> **Task item**
Repeat the data verbatim, images excluded.

▼

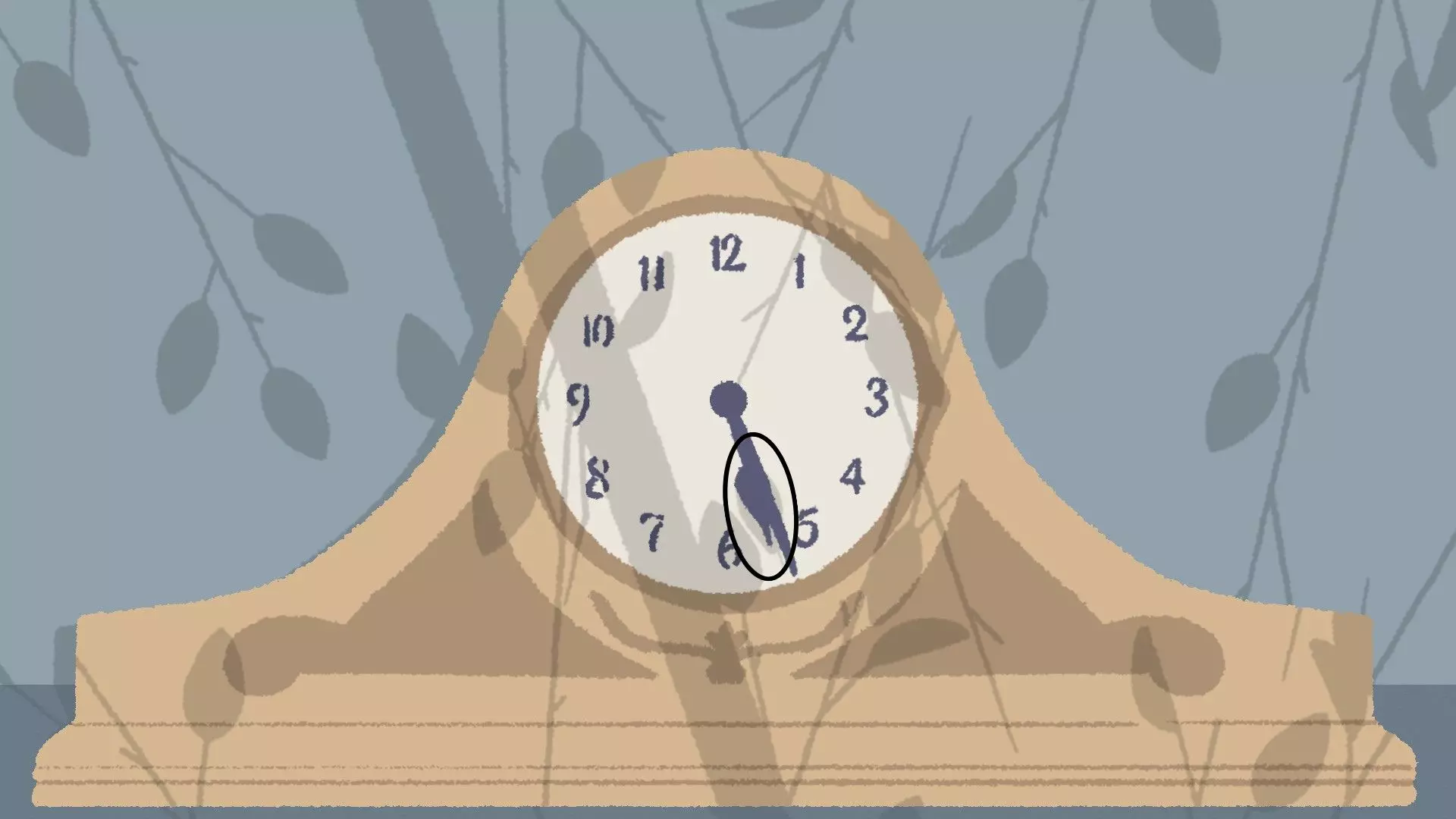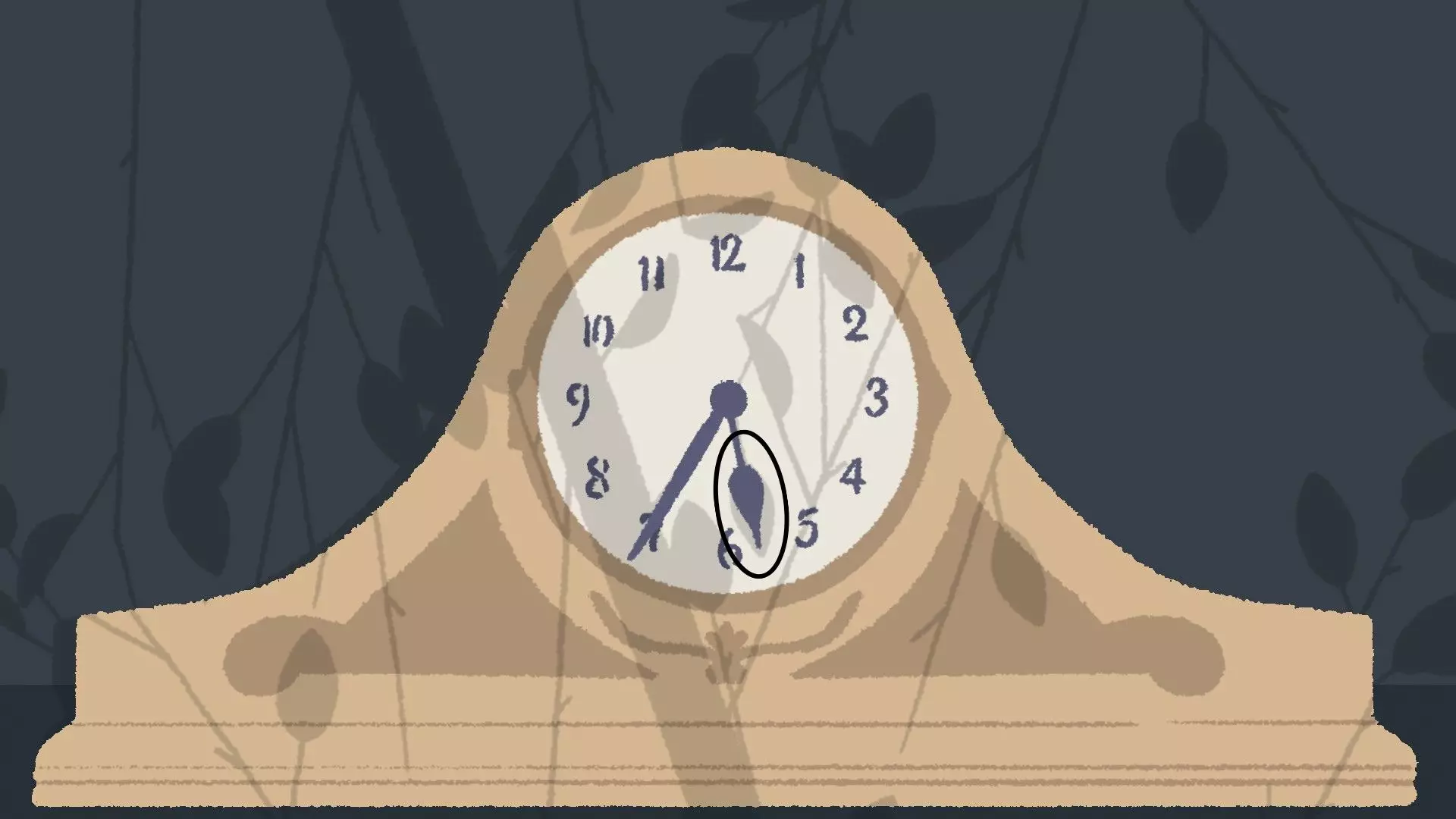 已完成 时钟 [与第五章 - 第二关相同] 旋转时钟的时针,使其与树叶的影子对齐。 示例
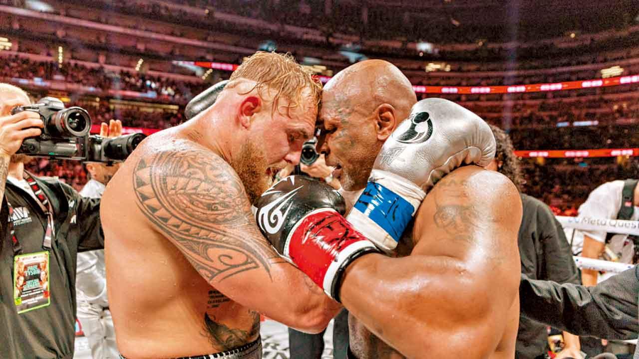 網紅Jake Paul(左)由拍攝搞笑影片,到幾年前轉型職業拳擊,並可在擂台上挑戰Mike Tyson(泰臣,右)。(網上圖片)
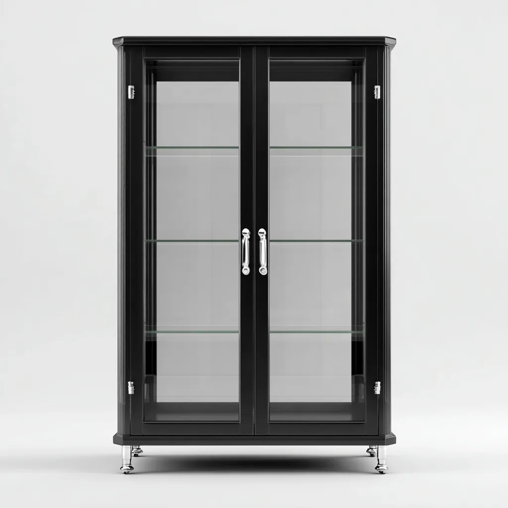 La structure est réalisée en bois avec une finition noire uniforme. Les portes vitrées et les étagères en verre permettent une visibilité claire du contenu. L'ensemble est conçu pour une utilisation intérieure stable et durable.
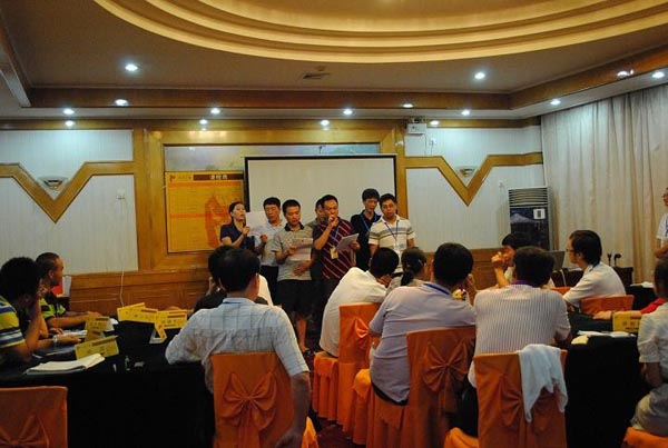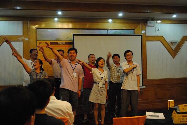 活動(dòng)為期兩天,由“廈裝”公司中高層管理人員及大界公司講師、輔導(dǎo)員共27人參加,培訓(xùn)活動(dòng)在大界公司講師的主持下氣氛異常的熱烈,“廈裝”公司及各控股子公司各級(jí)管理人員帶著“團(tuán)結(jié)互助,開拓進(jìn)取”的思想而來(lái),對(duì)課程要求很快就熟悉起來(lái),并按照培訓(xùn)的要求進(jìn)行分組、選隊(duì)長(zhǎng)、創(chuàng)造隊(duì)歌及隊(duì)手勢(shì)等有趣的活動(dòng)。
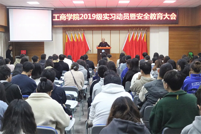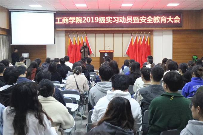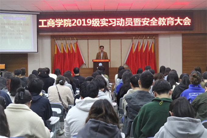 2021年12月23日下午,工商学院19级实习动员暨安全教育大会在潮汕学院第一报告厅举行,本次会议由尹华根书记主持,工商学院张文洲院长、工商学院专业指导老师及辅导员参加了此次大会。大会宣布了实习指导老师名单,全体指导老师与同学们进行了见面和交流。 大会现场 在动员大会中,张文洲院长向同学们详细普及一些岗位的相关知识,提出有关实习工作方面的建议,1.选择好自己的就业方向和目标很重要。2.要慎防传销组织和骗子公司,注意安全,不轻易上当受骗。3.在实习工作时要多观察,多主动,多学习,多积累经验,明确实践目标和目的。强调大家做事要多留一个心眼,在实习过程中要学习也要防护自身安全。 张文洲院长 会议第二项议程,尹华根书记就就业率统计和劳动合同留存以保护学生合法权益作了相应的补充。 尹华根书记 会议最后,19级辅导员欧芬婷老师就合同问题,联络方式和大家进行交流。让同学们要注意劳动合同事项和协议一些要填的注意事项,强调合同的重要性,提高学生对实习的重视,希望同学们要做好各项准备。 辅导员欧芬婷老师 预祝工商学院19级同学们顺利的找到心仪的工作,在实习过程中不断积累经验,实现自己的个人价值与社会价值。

▲

> **Response area**
 已完成 时钟 [与第五章 - 第二关相同] 旋转时钟的时针,使其与树叶的影子对齐。 示例
 網紅Jake Paul(左)由拍攝搞笑影片,到幾年前轉型職業拳擊,並可在擂台上挑戰Mike Tyson(泰臣,右)。(網上圖片)
 La structure est réalisée en bois avec une finition noire uniforme. Les portes vitrées et les étagères en verre permettent une visibilité claire du contenu. L'ensemble est conçu pour une utilisation intérieure stable et durable.
 活動(dòng)為期兩天,由“廈裝”公司中高層管理人員及大界公司講師、輔導(dǎo)員共27人參加,培訓(xùn)活動(dòng)在大界公司講師的主持下氣氛異常的熱烈,“廈裝”公司及各控股子公司各級(jí)管理人員帶著“團(tuán)結(jié)互助,開拓進(jìn)取”的思想而來(lái),對(duì)課程要求很快就熟悉起來(lái),并按照培訓(xùn)的要求進(jìn)行分組、選隊(duì)長(zhǎng)、創(chuàng)造隊(duì)歌及隊(duì)手勢(shì)等有趣的活動(dòng)。
 2021年12月23日下午,工商学院19级实习动员暨安全教育大会在潮汕学院第一报告厅举行,本次会议由尹华根书记主持,工商学院张文洲院长、工商学院专业指导老师及辅导员参加了此次大会。大会宣布了实习指导老师名单,全体指导老师与同学们进行了见面和交流。 大会现场 在动员大会中,张文洲院长向同学们详细普及一些岗位的相关知识,提出有关实习工作方面的建议,1.选择好自己的就业方向和目标很重要。2.要慎防传销组织和骗子公司,注意安全,不轻易上当受骗。3.在实习工作时要多观察,多主动,多学习,多积累经验,明确实践目标和目的。强调大家做事要多留一个心眼,在实习过程中要学习也要防护自身安全。 张文洲院长 会议第二项议程,尹华根书记就就业率统计和劳动合同留存以保护学生合法权益作了相应的补充。 尹华根书记 会议最后,19级辅导员欧芬婷老师就合同问题,联络方式和大家进行交流。让同学们要注意劳动合同事项和协议一些要填的注意事项,强调合同的重要性,提高学生对实习的重视,希望同学们要做好各项准备。 辅导员欧芬婷老师 预祝工商学院19级同学们顺利的找到心仪的工作,在实习过程中不断积累经验,实现自己的个人价值与社会价值。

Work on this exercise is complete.